BEGIN Exercise input

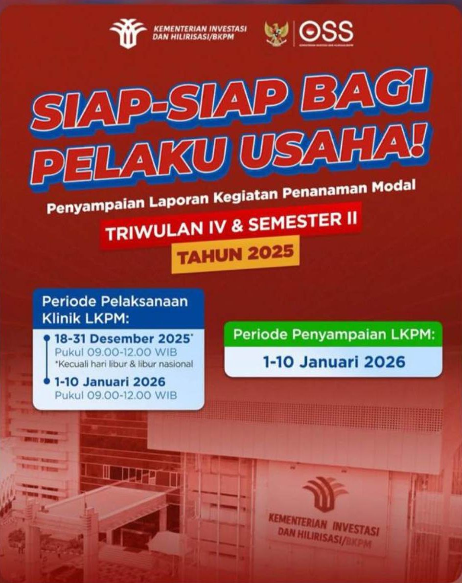 Sesuai ketentuan Kementerian Investasi, periode resmi penyampaian LKPM akan berlangsung 1–10 Januari 2026. Pelaporan ini wajib bagi seluruh perusahaan yang memiliki izin usaha berbasis risiko melalui OSS.
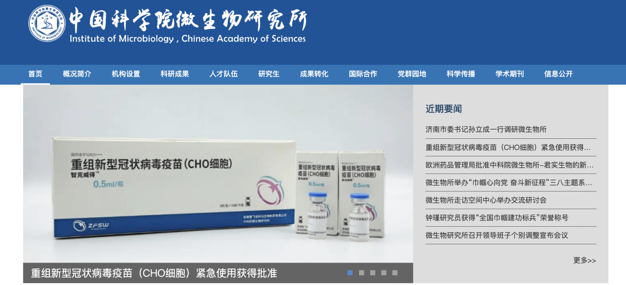 据中国科学院微生物研究所官网消息,3月10日,由中国科学院微生物研究所与合作企业共同研制的重组新型冠状病毒疫苗(CHO细胞)获准在中国紧急使用,成为中国第四种获准紧急使用的SARS-CoV-2疫苗,也是世界上第一种获准临床使用的SARS-CoV-2重组亚单位蛋白疫苗。
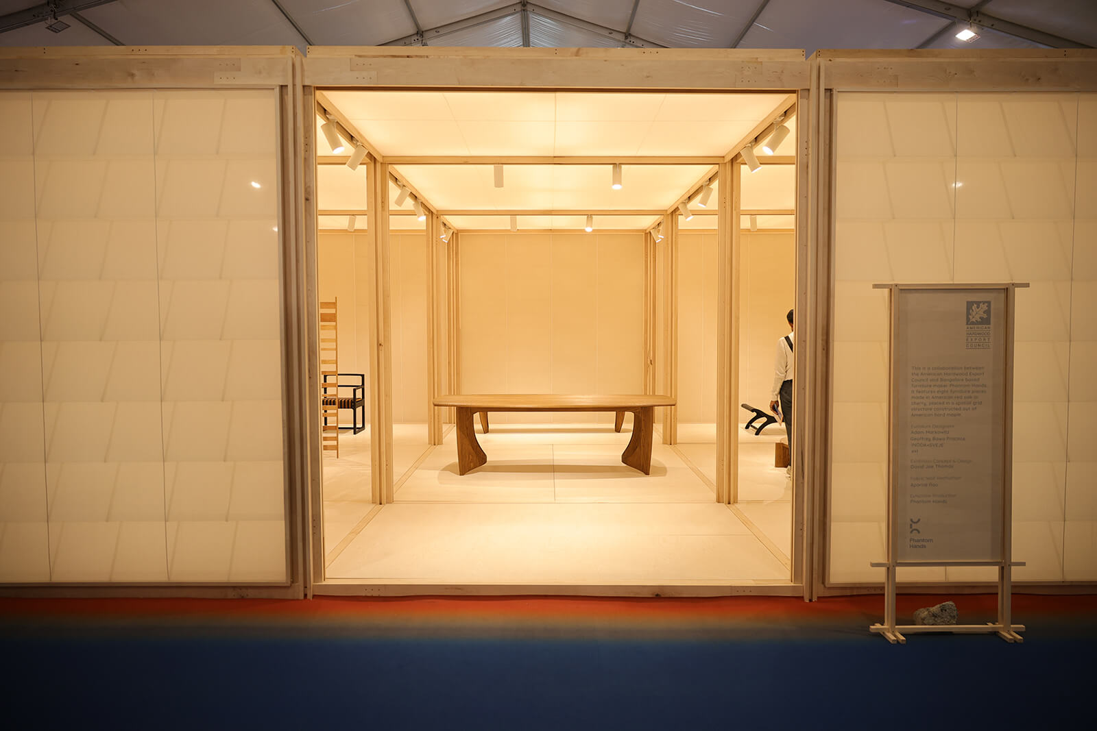 Created in collaboration with the American Hardwood Export Council (AHEC), the pavilion combined a wall, lightbox ceiling and floor, with a curated series of furniture pieces in red oak and cherry, exploring what responsibly sourced timber could look and feel in contemporary craft. The visually light walls echoed the integrated brise-soleil that Corbusier used across Chandigarh and Ahmedabad projects, while also referencing the bookshelves designed by Pierre Jeanneret. Inside, the pavilion featured furniture such as Refractions by Adam Markowitz alongside reinterpretations from Sri Lankan architect Geoffrey Bawa’s The Bawa Collection.
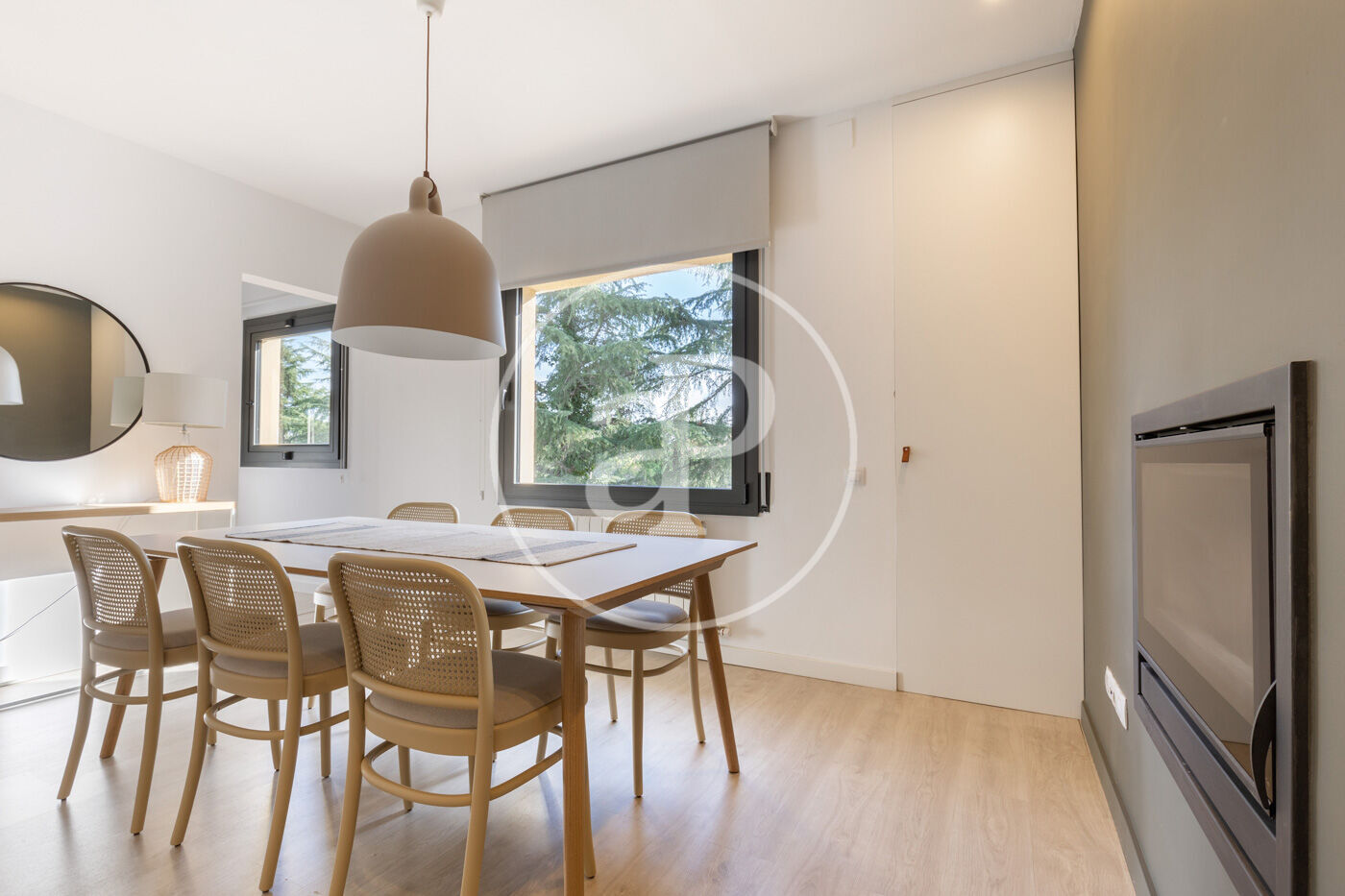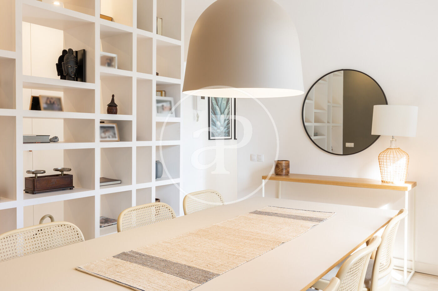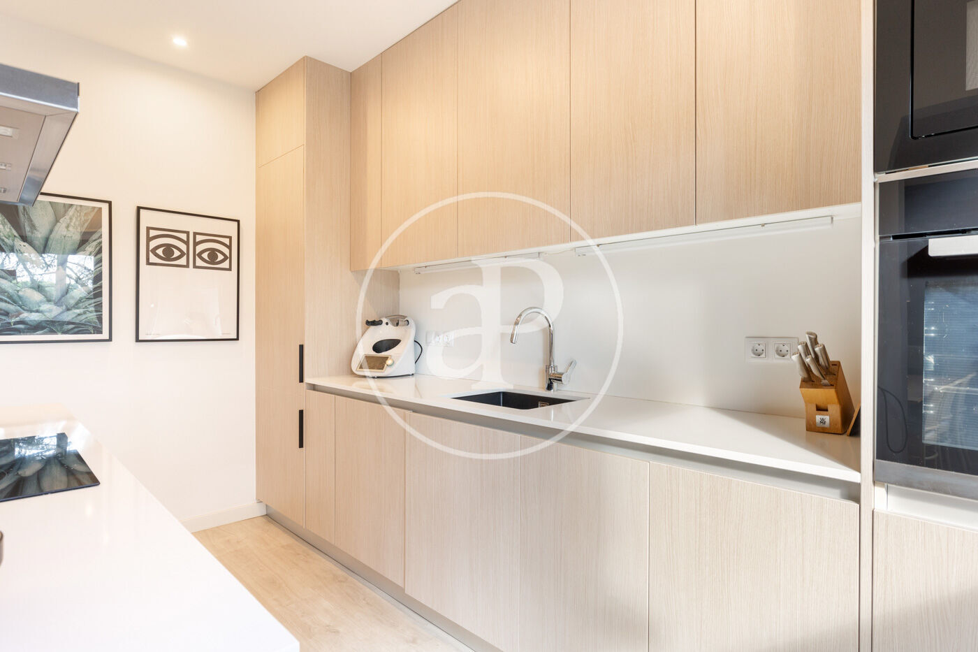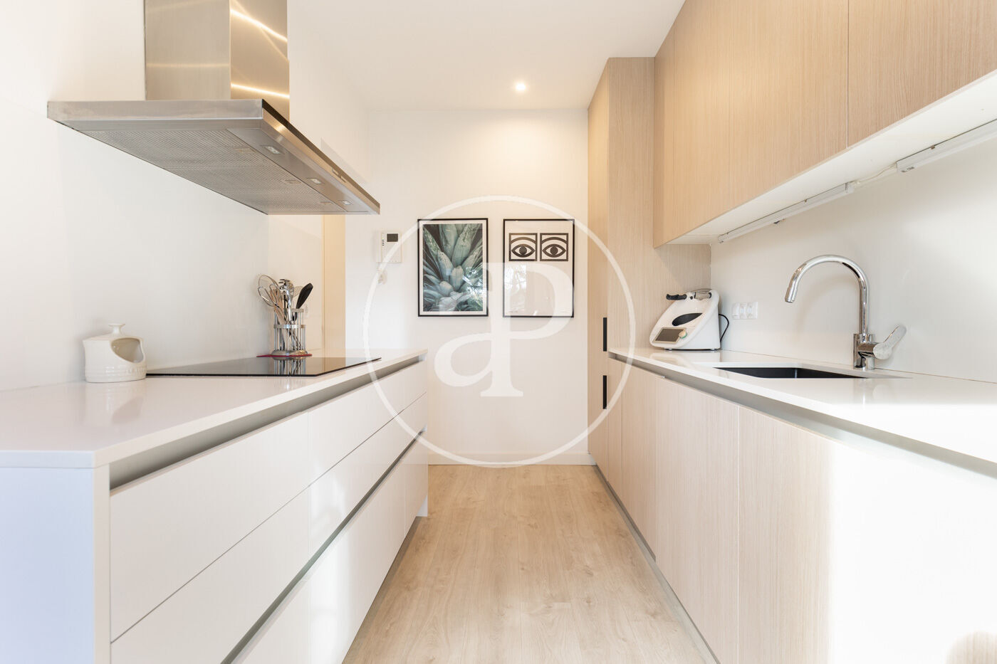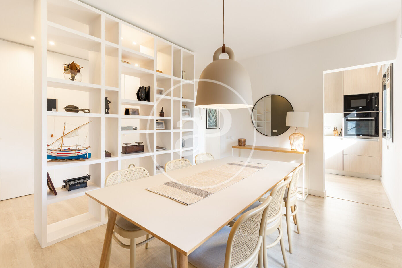 Tot el pis està reformat íntegrament, la cuina totalment equipada, minimalista, amb tots els artefactes apanalados, per a no irrompre en la impol·luta imatge del disseny nòrdic que caracteritza a aquesta reforma. El menjador i el saló estan separats per una petita paret i una xemeneia envidrada que serveix a tots dos ambients.
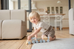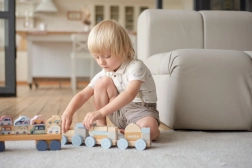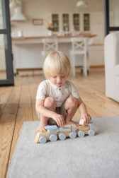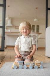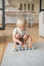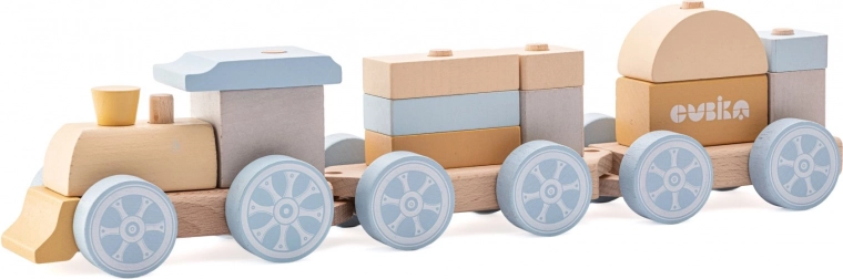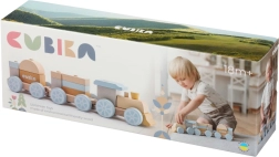 De pastel regenboogtrein van CUBIKA is een hoogwaardig houten stapelspel dat spel en leren combineert. Kinderen stapelen gekleurde blokken op de pinnen van de locomotief en de twee wagons en trainen zo handcoördinatie, kleuren en vormen. Na het samenstellen is de trein ongeveer 38 cm lang en klaar voor een fantasierijke reis.
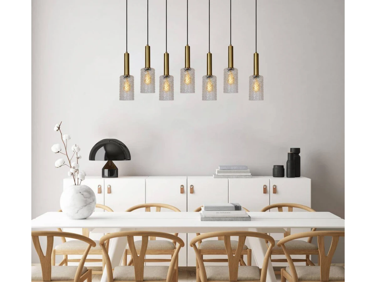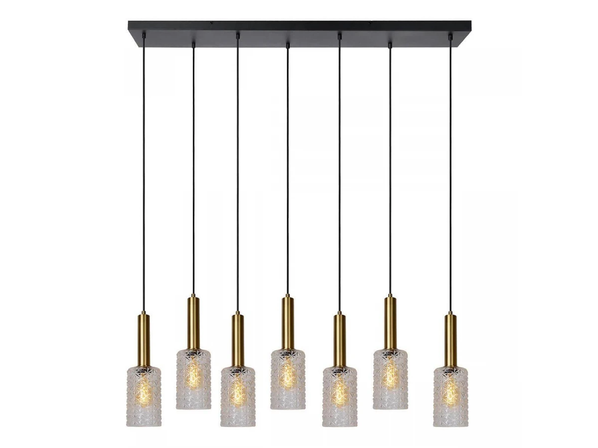 Неподражаемая модель 45498/07/60 от бельгийской компании Lucide относится к коллекции Coralie и отлично подойдет для установки на потолок кухни, оформленной в стиле модерн. Подвесной светильник Lucide Coralie 45498/07/60 с цилиндрическими плафонами осветит помещение площадью 18.7 кв. м. Производитель Lucide рекомендует использовать для устройства лампы накаливания с цоколем E27 и мощностью 40 W. Прибор произведен с использованием материалов: стекло и металл и может использоваться для натяжного потолка. Основным цветом товара является золотой, черный и прозрачный. Подвесной светильник 45498/07/60 продается по цене 77875 руб. Торопитесь сделать заказ в интернет-магазине ВоронежСвет.

END Exercise input

* **Required action**:
Write out the records above exactly. Begin with the first line, end with the line holding "据中国科学院微生物研究所官网", and drop the pictures.

* **Exercise answer**:
 Sesuai ketentuan Kementerian Investasi, periode resmi penyampaian LKPM akan berlangsung 1–10 Januari 2026. Pelaporan ini wajib bagi seluruh perusahaan yang memiliki izin usaha berbasis risiko melalui OSS.
 据中国科学院微生物研究所官网消息,3月10日,由中国科学院微生物研究所与合作企业共同研制的重组新型冠状病毒疫苗(CHO细胞)获准在中国紧急使用,成为中国第四种获准紧急使用的SARS-CoV-2疫苗,也是世界上第一种获准临床使用的SARS-CoV-2重组亚单位蛋白疫苗。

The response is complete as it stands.